Refugee family receives new Habitat for Humanity Home - | WBTV Charlotte

Refugee family receives new Habitat for Humanity Home


This new home is a long road from where Om Ghapa and his family were living in just three years ago.

And it's not just the distance.

"In my perspective it was hell compared to America," says Om.

He and his family emigrated from a Nepalese refugee camp.

"I was born there. We didn't have our own house since like 18 years."

Hopefully the journey to the United States just got a little easier with building of their new home from Habitat for Humanity

"Our homeowners who qualify for a habitat house get a zero interest mortgage," says Phil Prince Habit for Humanity in Charlotte.

"They wind up paying less for their monthly mortgage payment than they were paying for rent in their apartment."

But closing on a home can be an elusive American dream for many.

The city of Charlotte estimates that about 25 thousand people are still living in substandard or cost burdened housing.

"Meaning they're paying more than a third of their take home pay for housing," adds Prince.

Those with a job aren't sure that's an investment they can afford to make.

Harold Rice Junior is the chief program officer at Community Link he says people "don't have the confidence in their job in a sense to say I can maintain this dwelling for 30 years."

Community Link provides housing assistance to low income families in Charlotte.

Rice says many families who do have the means to afford housing, often struggle to hang on to it.

"It's all that comes with it," said Rice. 

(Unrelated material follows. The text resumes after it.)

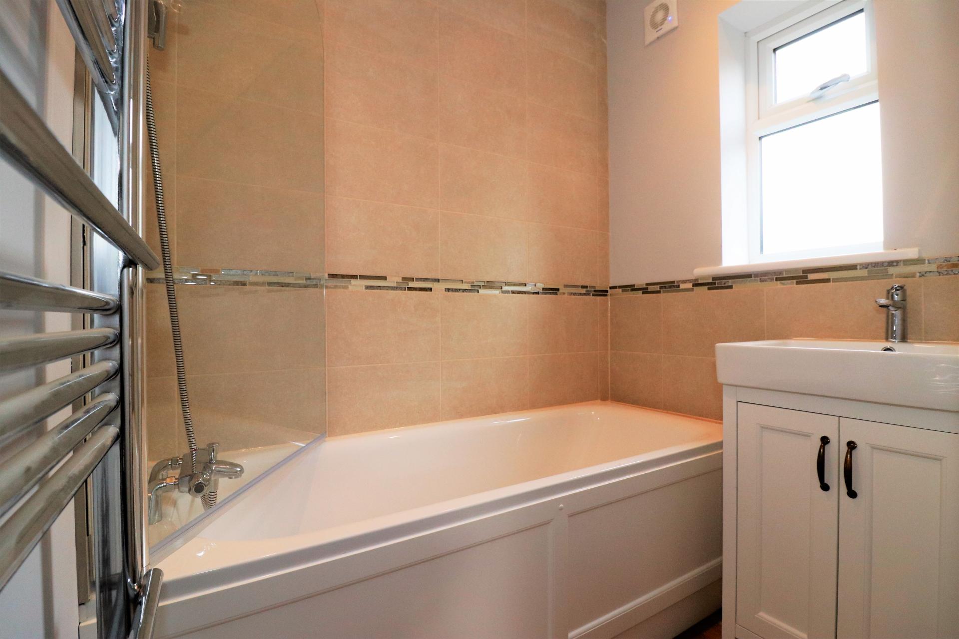 Front door to Entrance Hallway which in turn leads to; Double aspect Living Room, Kitchen fitted with a gas hob and electric oven with extractor hood over, integrated washing machine and space for a fridge/freezer. There is also side access via the Kitchen to the rear Garden. A well appointed Family Bathroom with an attractive modern suite including a shower over the bath and separate W/C with matching fixtures complete the ground floor accommodation.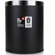 得力(deli) 9199 办公家居经典圆形直桶不锈钢垃圾 桶/纸篓/清洁桶 黑色 带压圈

"Understanding that you have to pay when the heating system goes out that's your responsibility, the plumbing that's your responsibility."

Hoping to make a difference, Habitat and Community Link provide a number of home ownership classes.

"These are hard working families," says Prince. 

"It's a great thing to be able to provide them a break.

And the homes don't come easy.  The new homeowners help build their own homes.

"It's what we call sweat equity and for a new habitat homeowner they put in 300 hours in sweat equity before they can close on the house," says Prince.

The Ghapa family also made a small down payment and will make monthly mortgage payments.

"My whole family is excited because it's our own house," says Om. 

"It's really cool to have our own house."

And what was given to them was worth their trip.